-- Data segment follows --

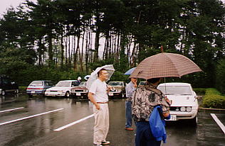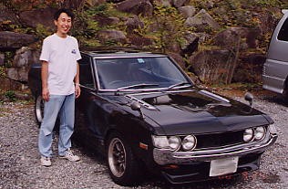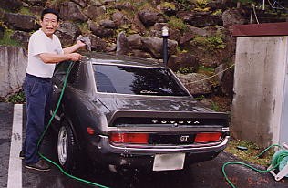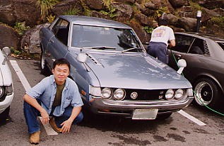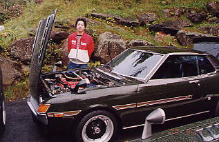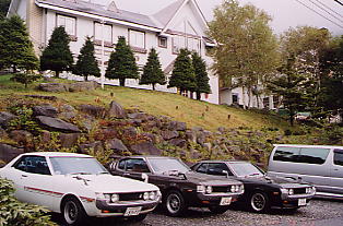 | 朝は6時に目が覚めました。 同室のKOUさんの寝言が心配でしたが(^_^) 何とかゆっくり休めました。 ペンション二階からセリカを見下ろします。 「アァ…カッコいい!」 何とか雨も上がっています。 |
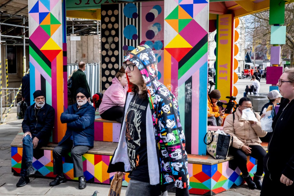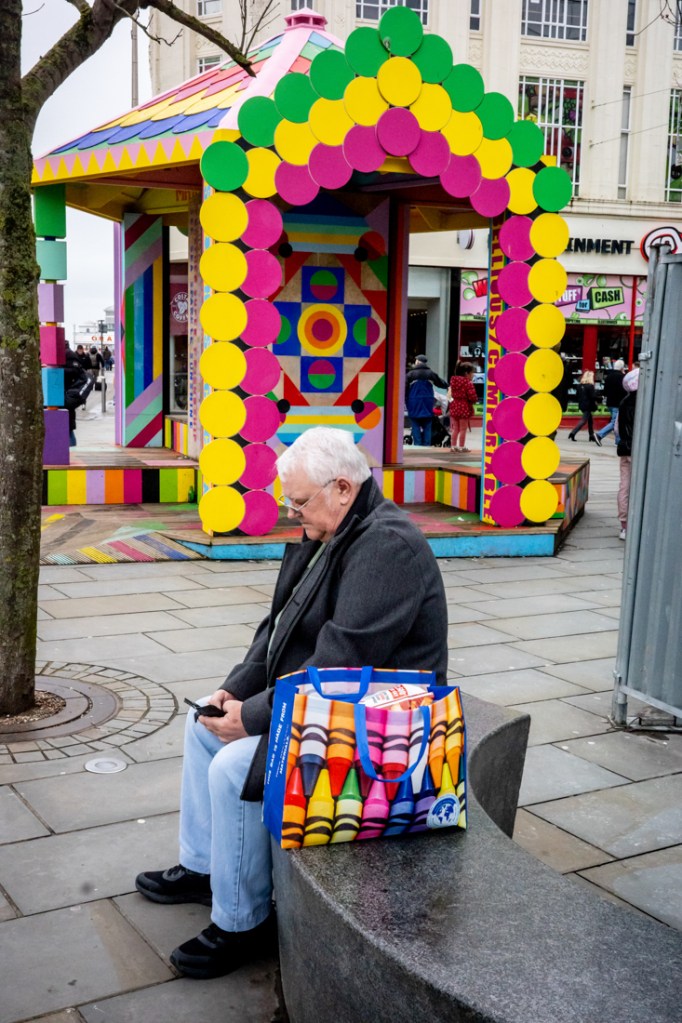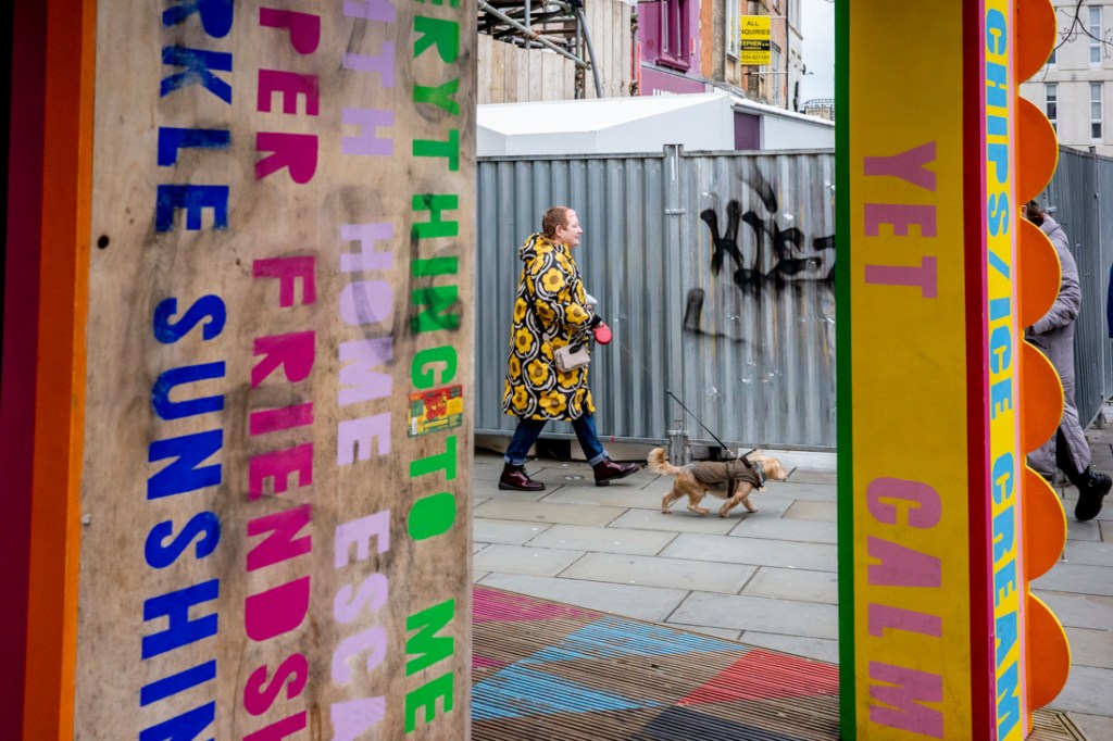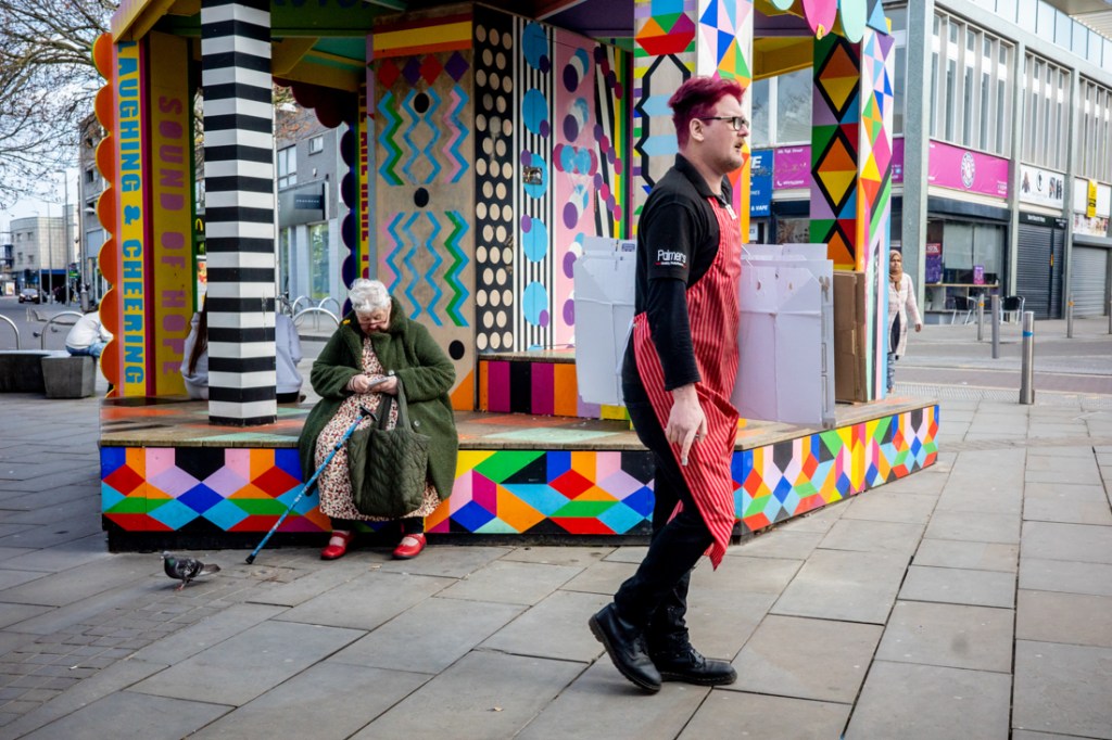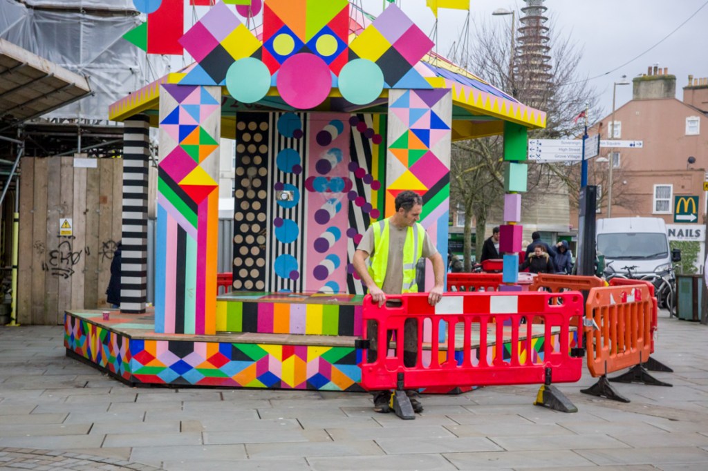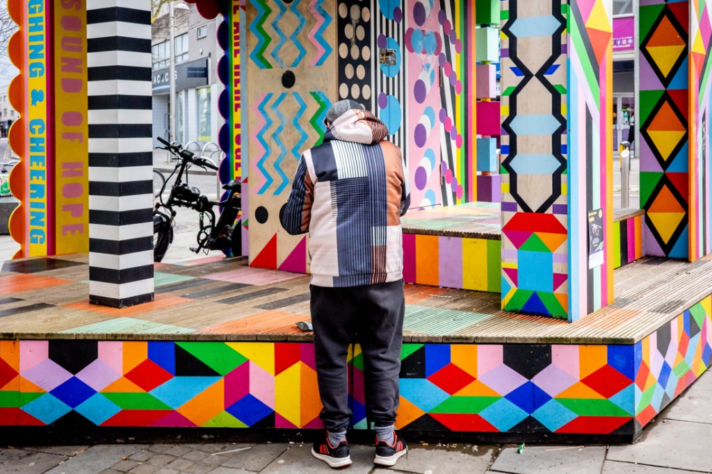 The Super Wonder Shrine was officially opened in December 2022 and for nearly two years, it has animated the pedestrianised space on the corner of High Street and Regent Street, in Weston-super-Mare, known locally as Big Lamp Corner. Erected in the artist’s trademark timber-built style and adorned with colourful patterns, words and sentiments that celebrate Weston.
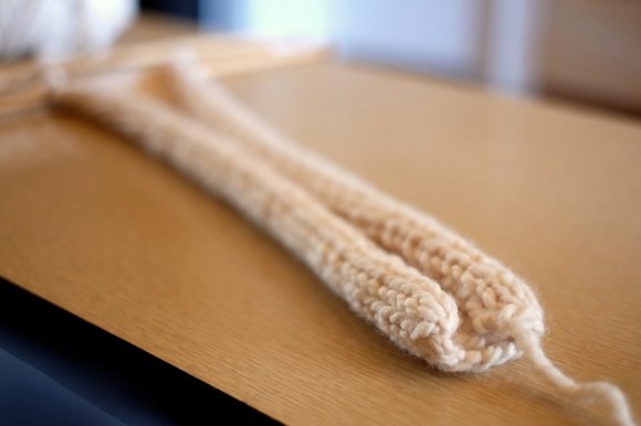 My sister taught me how to knit for christmas (thank you!), and serious practice was needed before using an expensive yarn. This proto is 80% acrylic and 20% wool, knit in a stocking stitch with a german slip stitch selvedge edge. After a dozen swatches, I went whole hog and knit up the entire skein. Good thing too- none of the small swatches had curled at the edges, but the scarf was a hot mess.
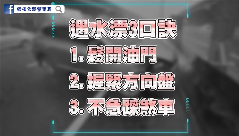 【本報新北訊】中央氣象局近期屢屢發布豪大雨特報,尤其中南部已被致災性暴雨襲擊多次,國道公路警察局特別提醒用路人,大雨之中行駛高速公路,一定要「放慢車速拉大車距」、慎防水漂效應,粉絲專頁並用實際案例製作教學影片,教大家應變之道,救命口訣就是:「鬆開油門、握緊方向盤、不可急踩煞車」。

-- Data segment concluded --

Task item: Go through the material above and retype every line exactly, without the images.

Output for this task:
 | 朝は6時に目が覚めました。 同室のKOUさんの寝言が心配でしたが(^_^) 何とかゆっくり休めました。 ペンション二階からセリカを見下ろします。 「アァ…カッコいい!」 何とか雨も上がっています。 |
 The Super Wonder Shrine was officially opened in December 2022 and for nearly two years, it has animated the pedestrianised space on the corner of High Street and Regent Street, in Weston-super-Mare, known locally as Big Lamp Corner. Erected in the artist’s trademark timber-built style and adorned with colourful patterns, words and sentiments that celebrate Weston.
 My sister taught me how to knit for christmas (thank you!), and serious practice was needed before using an expensive yarn. This proto is 80% acrylic and 20% wool, knit in a stocking stitch with a german slip stitch selvedge edge. After a dozen swatches, I went whole hog and knit up the entire skein. Good thing too- none of the small swatches had curled at the edges, but the scarf was a hot mess.
 【本報新北訊】中央氣象局近期屢屢發布豪大雨特報,尤其中南部已被致災性暴雨襲擊多次,國道公路警察局特別提醒用路人,大雨之中行駛高速公路,一定要「放慢車速拉大車距」、慎防水漂效應,粉絲專頁並用實際案例製作教學影片,教大家應變之道,救命口訣就是:「鬆開油門、握緊方向盤、不可急踩煞車」。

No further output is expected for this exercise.